We will examine data from the 2016 Summer Olympics in Rio de Janeiro, originally taken from https://github.com/flother/rio2016. Below, we read in the data and store it as rio. All the following questions will be answered based on rio.

rio = 
  read.csv(url("https://github.com/zhangyk8/zhangyk8.github.io/raw/master/_teaching/file_stat302/Data/rio.csv"), 
           header = TRUE)
  1. What kind of object is rio? What are its dimensions and columns names of rio? Is there any missing data (i.e., NA)?
# Your code starts from here
  1. How many athletes competed the 2016 Summer Olympics? How many countries were represented?
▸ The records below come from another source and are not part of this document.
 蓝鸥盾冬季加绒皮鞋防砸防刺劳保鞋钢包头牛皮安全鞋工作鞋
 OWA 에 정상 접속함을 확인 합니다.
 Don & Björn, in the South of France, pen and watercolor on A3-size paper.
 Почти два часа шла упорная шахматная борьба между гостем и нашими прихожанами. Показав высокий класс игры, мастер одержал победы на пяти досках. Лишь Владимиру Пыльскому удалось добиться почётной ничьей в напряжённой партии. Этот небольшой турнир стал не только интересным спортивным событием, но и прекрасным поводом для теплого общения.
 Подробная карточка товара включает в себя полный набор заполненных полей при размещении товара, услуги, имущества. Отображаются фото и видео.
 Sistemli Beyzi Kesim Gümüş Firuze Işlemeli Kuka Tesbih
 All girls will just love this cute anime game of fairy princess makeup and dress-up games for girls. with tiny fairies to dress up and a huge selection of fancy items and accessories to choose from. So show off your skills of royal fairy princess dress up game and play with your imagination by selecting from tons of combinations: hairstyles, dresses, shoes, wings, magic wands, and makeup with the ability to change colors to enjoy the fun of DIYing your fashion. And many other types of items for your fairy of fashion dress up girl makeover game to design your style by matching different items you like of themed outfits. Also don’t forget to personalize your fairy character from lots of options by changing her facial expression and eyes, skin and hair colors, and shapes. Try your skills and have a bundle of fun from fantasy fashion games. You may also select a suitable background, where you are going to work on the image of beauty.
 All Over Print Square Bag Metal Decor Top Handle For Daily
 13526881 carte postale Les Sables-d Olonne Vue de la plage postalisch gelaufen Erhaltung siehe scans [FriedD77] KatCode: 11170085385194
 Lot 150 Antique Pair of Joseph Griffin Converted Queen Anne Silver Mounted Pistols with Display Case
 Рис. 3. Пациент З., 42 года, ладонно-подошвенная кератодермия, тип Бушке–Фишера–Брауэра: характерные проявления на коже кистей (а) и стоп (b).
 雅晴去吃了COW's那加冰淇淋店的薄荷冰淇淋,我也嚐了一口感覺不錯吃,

How many athletes had duplicate name? (Hint: Look at the function duplicated().)
# Your code starts from here
  1. Which country brought the most athletes, and how many was this? (Hint: for a factor variable f, you can use table(f) to see how many elements in f are in each level of the factor.)
# Your code starts from here
  1. How many medals of each type – gold, silver, bronze – were awarded at this Olympics? Are they equal? (Output the logical TRUE/FALSE.)
# Your code starts from here
  1. Create another column called total in the data frame rio which adds the number of gold, silver, and bronze medals for each athlete. Which athlete had the most number of medals?
# Your code starts from here
  1. Using tapply(), calculate the total medal count for each country. Save the result as tot_nat. Which country had the most number of medals, and how many was this? How many countries had zero medals?
# Your code starts from here